Makin panaslah hati Swat Hong. Tadinya dia sudah siap-siap untuk
menjatuhkan cucu ketua Pulau Neraka itu, selain agar menang pertandingan
juga hendak memperlihatkan kepada Suheng-nya bahwa dia lebih pandai
dari pada Soan Cu. Akan tetapi, ternyata Suheng-nya melarang Soan Cu dan
dan putri Pulau Neraka itu begitu taat!
"Ouw Kong Ek, kalau cucumu tidak berani maju, biarlah kau sendiri yang
maju! Hayo tandingilah aku, puteri Raja Pulau Es!" dia menantang-nantang
dengan suara penuh kemarahan.
Sin Liong hanya menggeleng kepalanya dan bingung sekali bagaimana harus
mencegah sumoi-nya. Kembali kakek itu menjadi marah. Tantangan yang
keluar dari mulut Swat Hong membuat mukanya merah dan telinganya panas.

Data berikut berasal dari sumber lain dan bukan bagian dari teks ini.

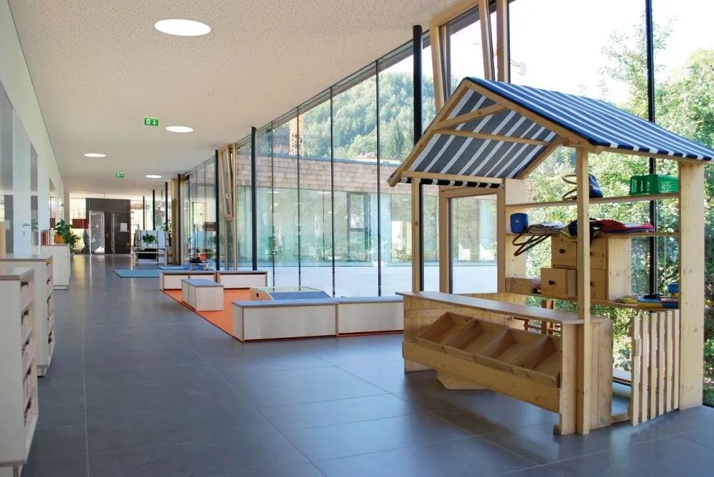 大部分的房间都是位于东侧的,以获取充足的太阳光,另有一个幼儿室的扩建部分位于南侧,同样也能享受充足的阳光。
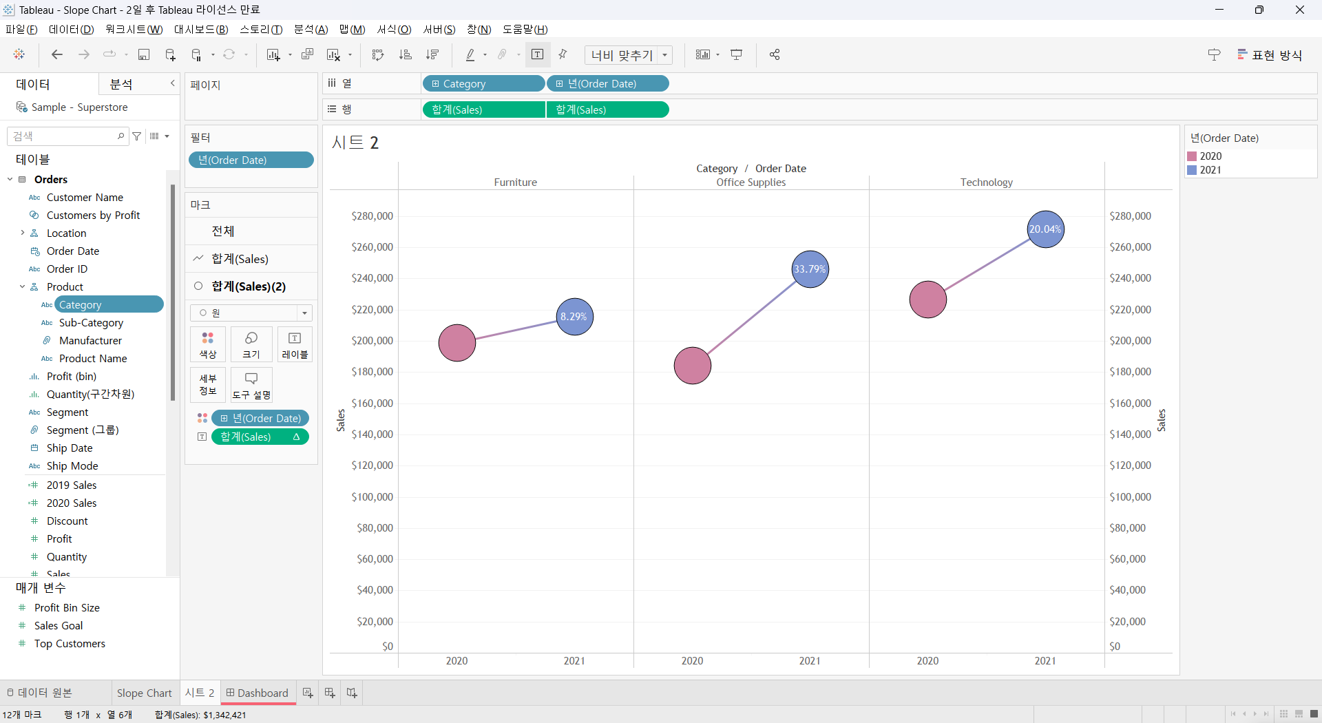 Order Date 2021년 1년간으로 설정함

Akan tetapi betapa memalukan kalau dia harus menandingi seorang bocah
perempuan yang usianya sebaya dengan cucunya sendiri!
"Twako, perkenankanlah saya menghajar bocah bermulut lancang ini" Lo Thong berkata.
Ouw Kong Ek mengangguk, akan tetapi masih ingat dan memesan, "Akan tetapi cukup beri hajaran saja, jangan sampai dia terbunuh."
"Baik saya mengerti, Twako," Lo Thong menjawab, lalu sekali kakinya bergerak, tubuhnya sudah mencelat ke depan Swat Hong.
Menyaksikan ginkang yang hebat ini diam-diam Sin Liong khawatir sekali.
Akan tetapi dia pun tidak dapat mencegahnya karena maklum, kalau dia
melarang Sumoi-nya tentu akan menjadi makin nekat saja. Maka dia hanya
bangkit berdiri dan memandang dengan jantung berdebar tegang.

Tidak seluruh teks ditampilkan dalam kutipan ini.